PGSMC, on the other hand, took the position that the arbitration clause, which provided that the
arbitral award shall be final and binding upon the parties, was null and void for being against
public policy as it ousted Philippine courts of jurisdiction.
The trial court agreed with PGSMC and denied KOGIES application for preliminary injunction.
The Court of Appeals affirmed the trial courts Order.
On further appeal, the Philippine Supreme Court reversed the trial court and the Court of Appeals
and ruled as follows:
1. An arbitration clause that states that the arbitral award shall be final and binding is valid.
The Supreme Court held that the law of the place where the contract is made (i.e., the
Philippines) governs the contract and that, under the Philippine Civil Code, a stipulation that an
arbitral award shall be final and binding is a valid stipulation. The Supreme Court found that the
arbitration clause was mutually and voluntarily agreed upon by the parties and was not contrary
to any law, morals, good customs, public order, or public policy.

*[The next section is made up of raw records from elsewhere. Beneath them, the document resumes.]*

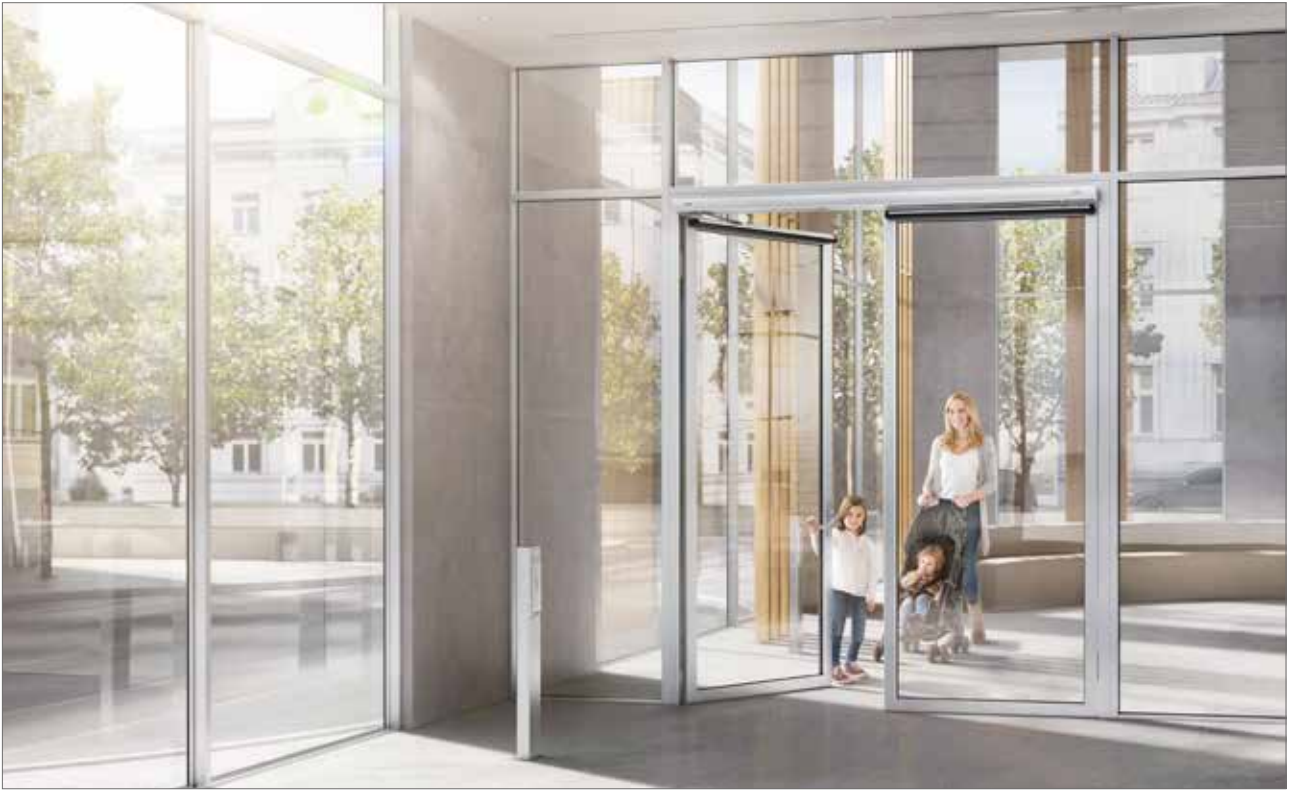
Installation situation
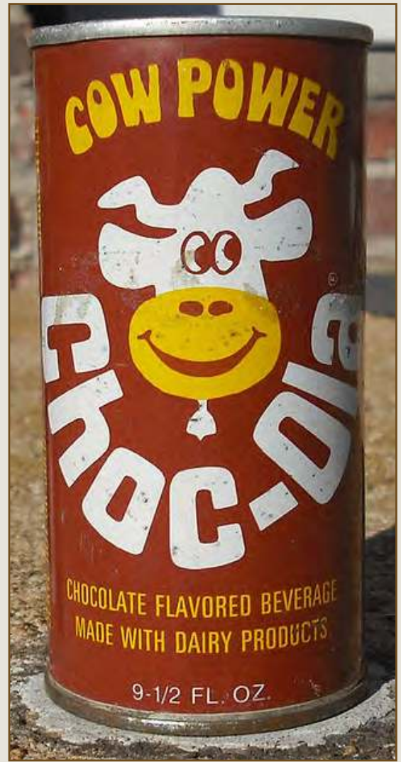
Cow Power Can from the 1970s
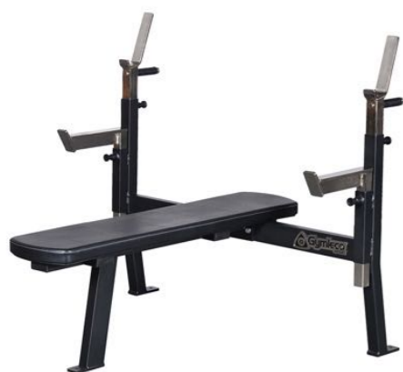
Bench Press with Safety Bars Art.nr: 122RS

Length: 125 cm Width: 124 cm Height: 104 cm
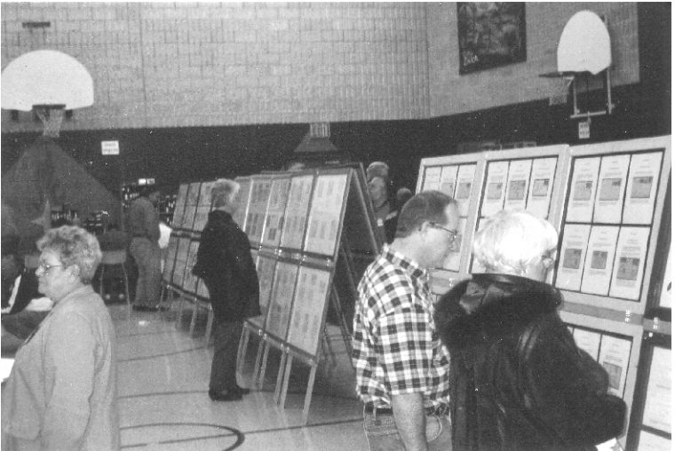
View of the Oxford Stamp Club Exhibition – There was a total of 68 six page frames at the show.
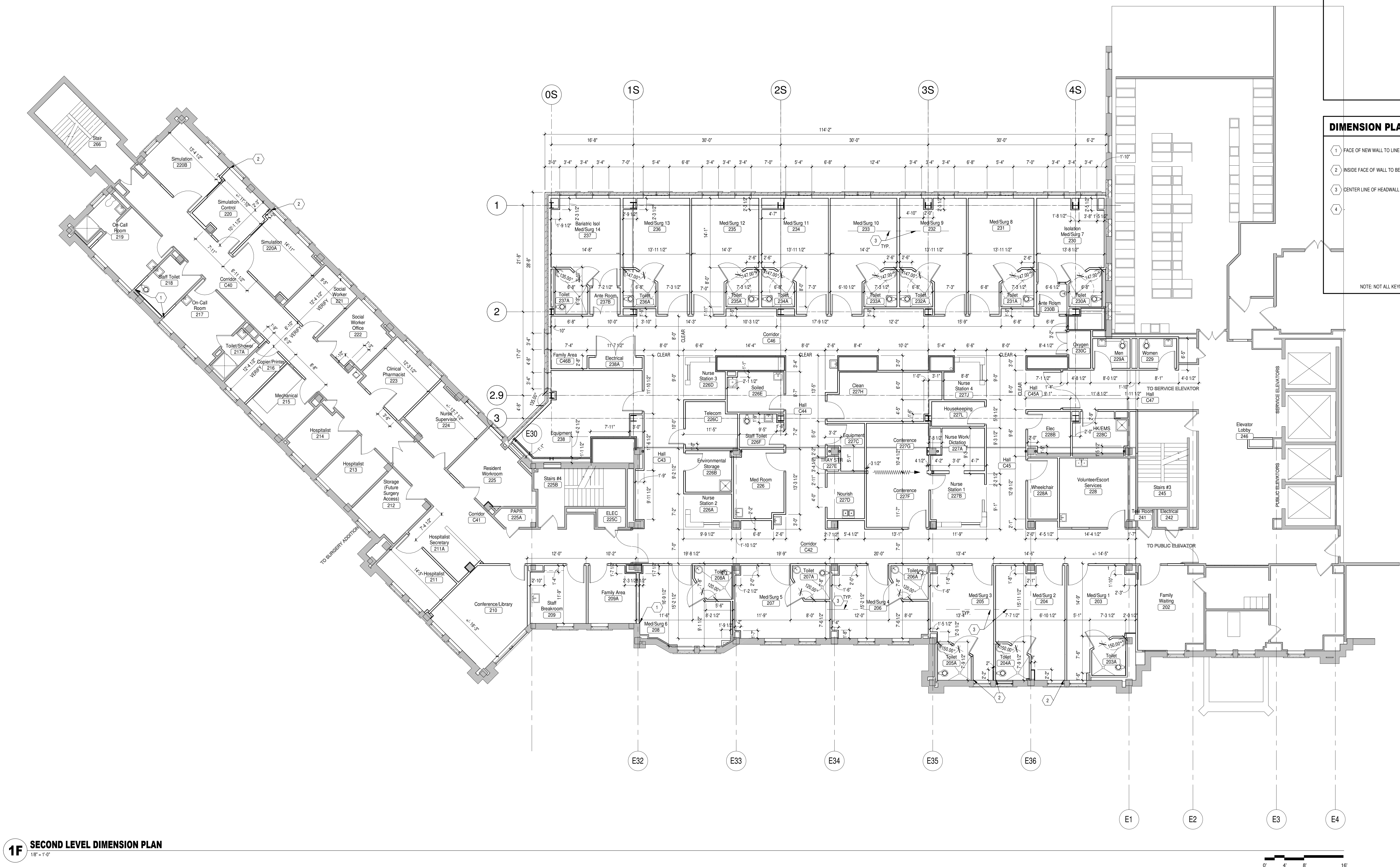
1F SECOND LEVEL DIMENSION PLAN 1/8" = 1'-0"

NOTE: NOT ALL KEYNOTES MAY BE USED ON EACH PLAN

2. Republic Act No. 9285, otherwise known as the Alternative Dispute Resolution Act of 2004
(the ADR Law), may be given retroactive effect.

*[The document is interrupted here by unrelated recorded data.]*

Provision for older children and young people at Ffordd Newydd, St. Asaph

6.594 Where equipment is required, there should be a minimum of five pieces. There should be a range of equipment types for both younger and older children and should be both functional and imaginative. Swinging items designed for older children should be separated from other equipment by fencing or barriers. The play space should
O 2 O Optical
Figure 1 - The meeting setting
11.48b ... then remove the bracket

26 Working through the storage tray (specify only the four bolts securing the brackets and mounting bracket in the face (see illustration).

The Supreme Court ruled that while the ADR Law was passed only in 2004, it nonetheless
applies to the case because it is a procedural law and, therefore, may be given retroactive effect.
3. A final arbitral award is still subject to review by Philippine courts.

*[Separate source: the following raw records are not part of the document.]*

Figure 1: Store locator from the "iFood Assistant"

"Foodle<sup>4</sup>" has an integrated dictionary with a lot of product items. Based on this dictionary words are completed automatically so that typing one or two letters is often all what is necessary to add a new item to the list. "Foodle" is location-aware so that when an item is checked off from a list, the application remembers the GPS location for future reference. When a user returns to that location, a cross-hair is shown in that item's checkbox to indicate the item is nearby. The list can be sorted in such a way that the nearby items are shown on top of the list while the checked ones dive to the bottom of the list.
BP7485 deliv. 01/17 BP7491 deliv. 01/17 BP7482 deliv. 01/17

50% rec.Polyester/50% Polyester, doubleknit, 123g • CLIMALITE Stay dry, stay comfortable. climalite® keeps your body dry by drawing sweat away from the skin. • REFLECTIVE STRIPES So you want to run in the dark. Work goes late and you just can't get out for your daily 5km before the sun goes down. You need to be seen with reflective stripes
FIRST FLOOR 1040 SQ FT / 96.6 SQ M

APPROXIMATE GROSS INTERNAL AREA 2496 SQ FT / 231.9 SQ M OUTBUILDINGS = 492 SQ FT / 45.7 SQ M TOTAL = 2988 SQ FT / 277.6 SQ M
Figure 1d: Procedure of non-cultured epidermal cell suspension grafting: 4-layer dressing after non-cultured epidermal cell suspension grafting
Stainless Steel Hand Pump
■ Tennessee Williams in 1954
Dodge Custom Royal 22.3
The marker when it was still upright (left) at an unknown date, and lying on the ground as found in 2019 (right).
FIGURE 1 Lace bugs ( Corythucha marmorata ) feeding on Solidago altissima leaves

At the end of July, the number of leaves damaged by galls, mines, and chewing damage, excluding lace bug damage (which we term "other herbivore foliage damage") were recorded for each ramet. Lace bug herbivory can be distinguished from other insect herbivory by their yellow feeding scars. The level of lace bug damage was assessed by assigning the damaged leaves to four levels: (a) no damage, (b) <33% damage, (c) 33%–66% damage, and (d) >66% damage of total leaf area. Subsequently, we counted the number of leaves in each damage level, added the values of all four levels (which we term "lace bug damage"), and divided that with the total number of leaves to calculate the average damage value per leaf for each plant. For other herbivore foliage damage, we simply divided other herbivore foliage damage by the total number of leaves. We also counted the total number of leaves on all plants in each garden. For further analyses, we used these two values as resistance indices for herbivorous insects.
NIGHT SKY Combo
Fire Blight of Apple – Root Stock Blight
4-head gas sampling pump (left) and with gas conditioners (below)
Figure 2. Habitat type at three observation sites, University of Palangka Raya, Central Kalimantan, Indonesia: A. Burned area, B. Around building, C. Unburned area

The Supreme Court held a final award may still be judicially reviewed. Philippine courts may
set aside foreign or international arbitral awards under the grounds in Section 34 of the
UNCITRAL Model Law on International Commercial Arbitration.
The Supreme Court also noted that the ADR Law provides for an appeal to the Court of Appeals,
and a further appeal to the Supreme Court, as the remedy of an aggrieved party where the trial
court sets aside, rejects, vacates, modifies, or corrects an arbitral award.
4. The unilateral rescission of contracts with an arbitration clause is improper and illegal.
The Supreme Court had previously held that the rescission by the non-defaulting party of a
contract on account of breach by the other party is valid (although such unilateral rescission may
be questioned in court).
Significantly, the Supreme Court here held that where an arbitration clause in a contract is
availing, neither of the parties can unilaterally treat the contract as rescinded since whatever
infractions or breaches by a party or differences arising from the contract must be brought first
and resolved by arbitration, and not through an extrajudicial rescission or judicial action.